When fitting the ridge regressor, we also requested to store the error found
during cross-validation (by setting the parameter store_cv_values=True
). We
will plot the mean squared error for the different alphas
regularization
strength that we tried. The error bars represent one standard deviation of the
average mean square error across folds for a given value of alpha
.
mse_alphas = [
est[-1].cv_values_.mean(axis=0) for est in cv_results["estimator"]
]
cv_alphas = pd.DataFrame(mse_alphas, columns=alphas)
cv_alphas = cv_alphas.aggregate(["mean", "std"]).T
cv_alphas
mean | std | |
---|---|---|
0.010000 | 10805.760257 | 7859.294941 |
0.012589 | 9835.307516 | 6588.155387 |
0.015849 | 8925.577610 | 5409.395931 |
0.019953 | 8100.047161 | 4353.016704 |
0.025119 | 7375.000527 | 3438.794963 |
0.031623 | 6758.474506 | 2674.639258 |
0.039811 | 6250.760542 | 2056.950531 |
0.050119 | 5846.266069 | 1572.763214 |
0.063096 | 5536.215174 | 1202.943947 |
0.079433 | 5311.576140 | 925.547806 |
0.100000 | 5165.715922 | 718.596591 |
0.125893 | 5096.474028 | 562.042934 |
0.158489 | 5107.489238 | 439.763119 |
0.199526 | 5208.638340 | 345.021050 |
0.251189 | 5415.385561 | 297.489290 |
0.316228 | 5746.801131 | 353.672626 |
0.398107 | 6222.125875 | 535.737882 |
0.501187 | 6856.124687 | 820.747311 |
0.630957 | 7654.025118 | 1192.443073 |
0.794328 | 8607.322588 | 1638.892918 |
1.000000 | 9691.803104 | 2144.446582 |
plt.errorbar(cv_alphas.index, cv_alphas["mean"], yerr=cv_alphas["std"])
plt.xlim((0.0, 1.0))
plt.ylim((4_500, 11_000))
plt.ylabel("Mean squared error\n (lower is better)")
plt.xlabel("alpha")
_ = plt.title("Testing error obtained by cross-validation")

As we can see, regularization is just like salt in cooking: one must balance
its amount to get the best generalization performance.
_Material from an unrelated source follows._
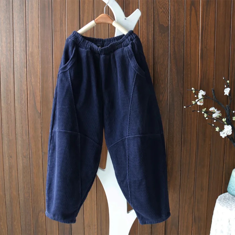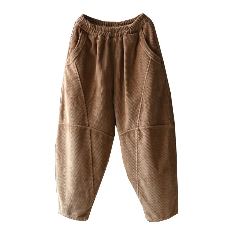 加绒加厚宽松显瘦休闲萝卜裤 2025新款 女秋季 文艺复古灯芯绒哈伦裤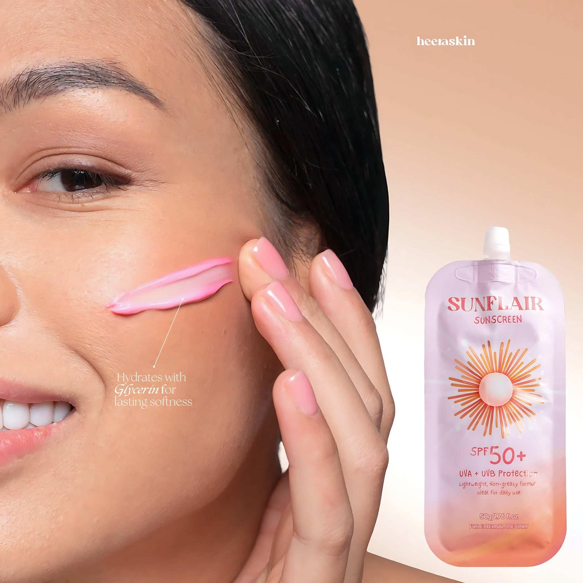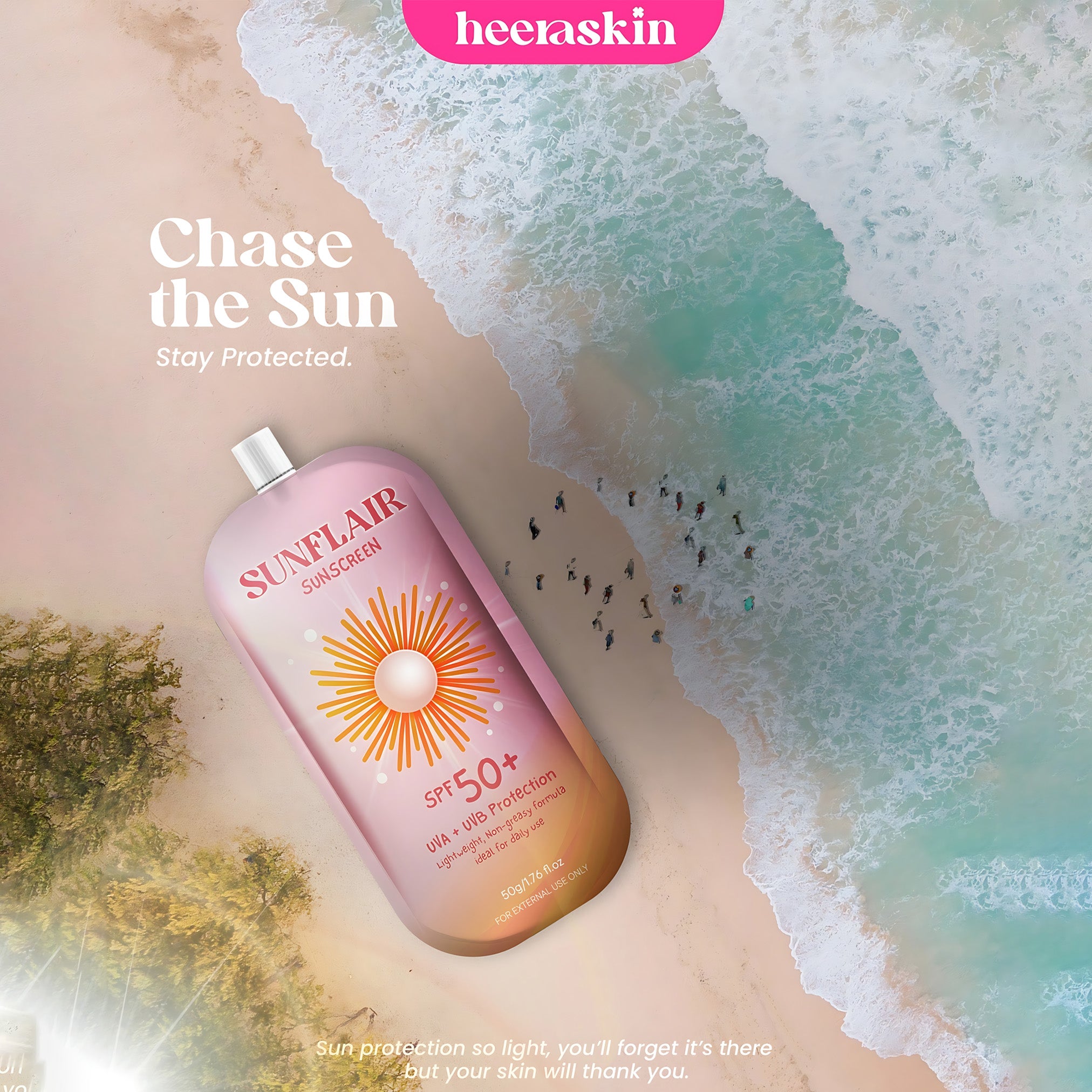 Meet Sunflair, the lightweight sunscreen that melts into your skin for breathable, everyday sun defense—without the greasy feel. With SPF 50 to shield you from UVA & UVB rays and skin-soothing actives to keep your complexion calm, even, and radiant, Sunflair helps you glow confidently rain or shine.

We can check if the
best alpha
found is stable across the cross-validation fold.
best_alphas = [est[-1].alpha_ for est in cv_results["estimator"]]
best_alphas
[0.07943282347242812,
0.12589254117941676,
0.31622776601683794,
0.12589254117941676,
0.09999999999999999]
The optimal regularization strength is not necessarily the same on all
cross-validation iterations. But since we expect each cross-validation
resampling to stem from the same data distribution, it is common practice to
choose the best alpha
to put into production as lying in the range defined
by:
print(
f"Min optimal alpha: {np.min(best_alphas):.2f} and "
f"Max optimal alpha: {np.max(best_alphas):.2f}"
)
Min optimal alpha: 0.08 and Max optimal alpha: 0.32
This range can be reduced by decreasing the spacing between the grid of
alphas
.
In this notebook, you learned about the concept of regularization and the importance of preprocessing and parameter tuning.